INSTRUCTIONS TO FOLLOW:
A word-for-word copy of the data, pictures excluded, is what this task asks for.

DATA SECTION:
_ _ _
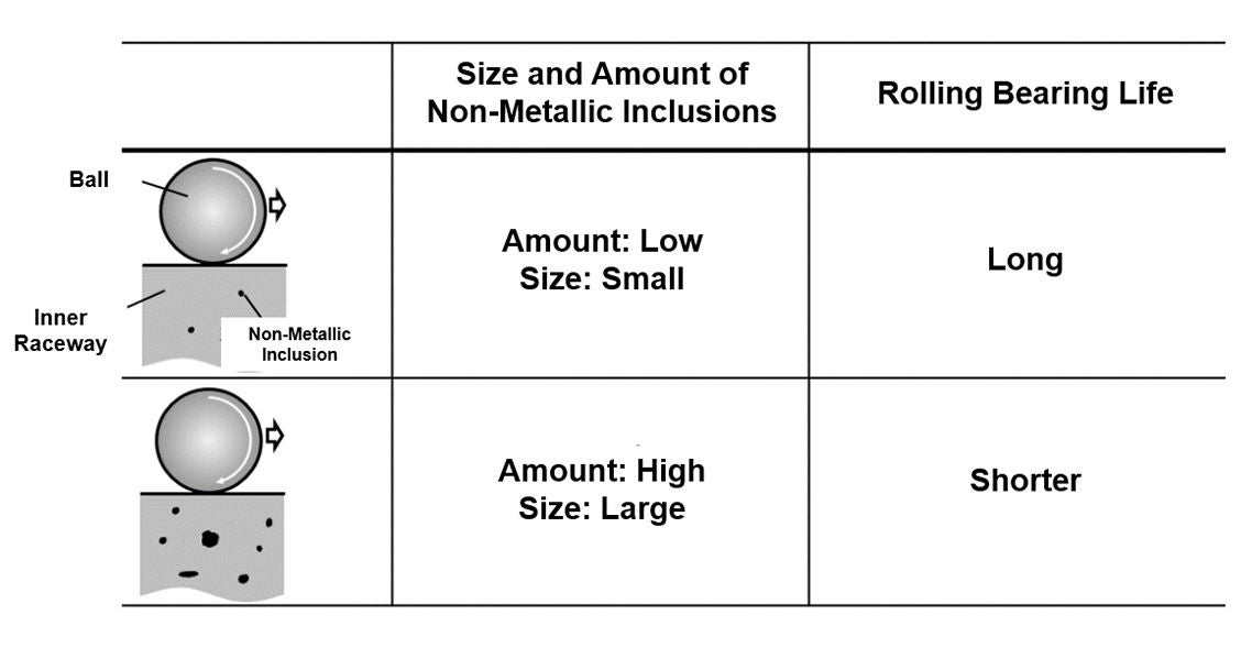 The ISO bearing life calculation formula emphasizes the effect of lubrication conditions. Of course, lubrication greatly affects bearing life, but lubrication technology is much better today than it was in 1962. Our research has demonstrated that under well-lubricated conditions, the composition and quality (the amount of impurities) of the bearing steel is a more accurate indicator in predicting how long a bearing will last in its application.
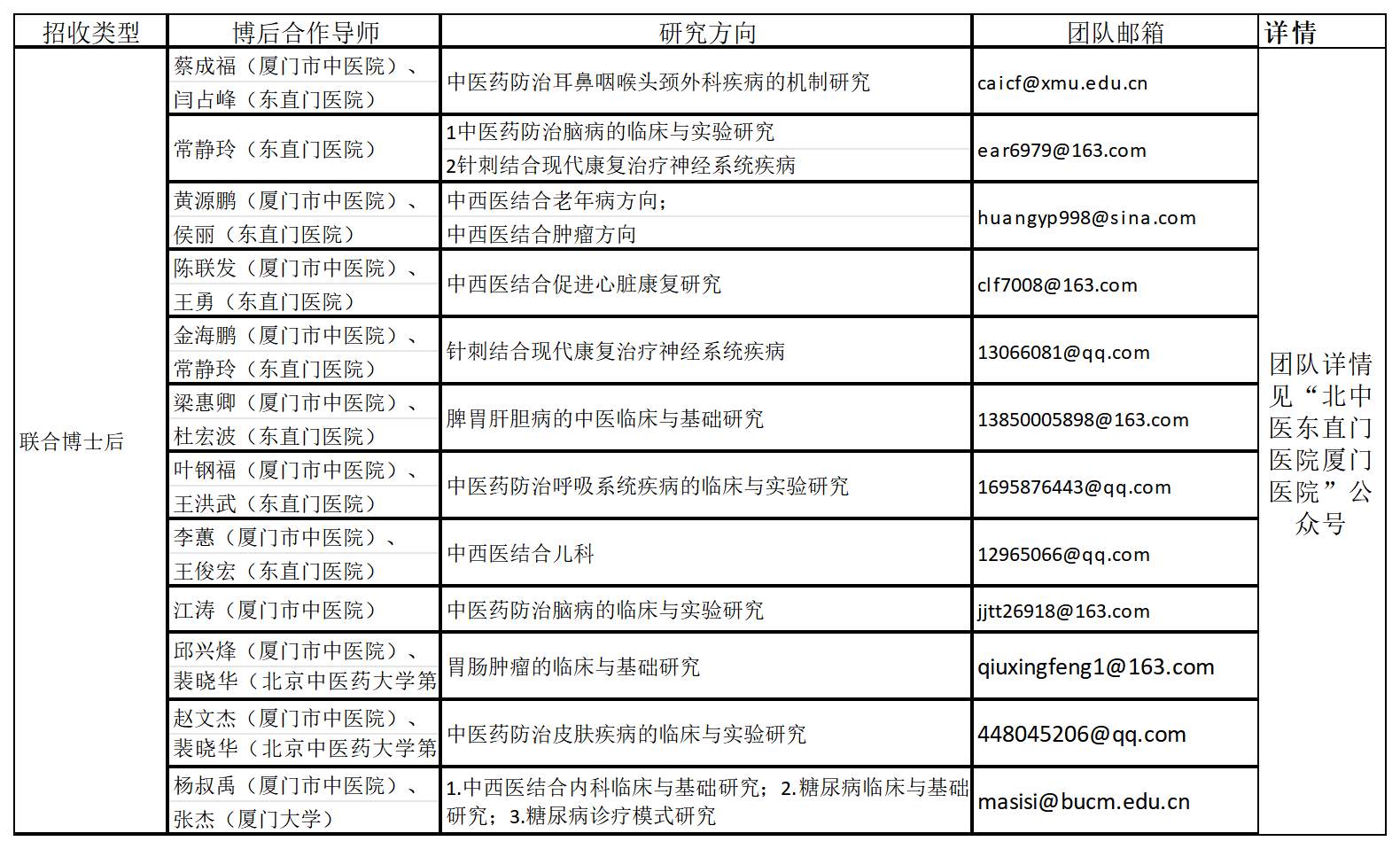 【招收方向及合作导师】(团队招收详情见“北中医东直门医院厦门医院”微信公众号)
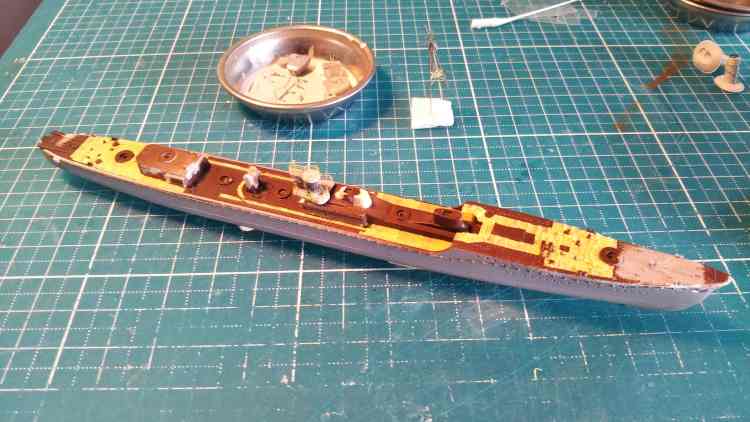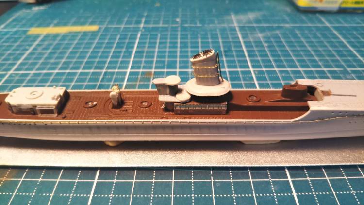 戦艦とか巡洋艦ではめんどくさく感じるマスキングですが駆逐艦だとリノリウム甲板の面積が少ないので楽でした。魚雷運搬用レールの間部分にもリノリウムが施されていたらしく、マスキングするのが大変でした。(なんでそんな所にリノリウム貼ってんだよー!!)
_ _ _
ANSWER TO THE EXERCISE:
 The ISO bearing life calculation formula emphasizes the effect of lubrication conditions. Of course, lubrication greatly affects bearing life, but lubrication technology is much better today than it was in 1962. Our research has demonstrated that under well-lubricated conditions, the composition and quality (the amount of impurities) of the bearing steel is a more accurate indicator in predicting how long a bearing will last in its application.
 【招收方向及合作导师】(团队招收详情见“北中医东直门医院厦门医院”微信公众号)
 戦艦とか巡洋艦ではめんどくさく感じるマスキングですが駆逐艦だとリノリウム甲板の面積が少ないので楽でした。魚雷運搬用レールの間部分にもリノリウムが施されていたらしく、マスキングするのが大変でした。(なんでそんな所にリノリウム貼ってんだよー!!)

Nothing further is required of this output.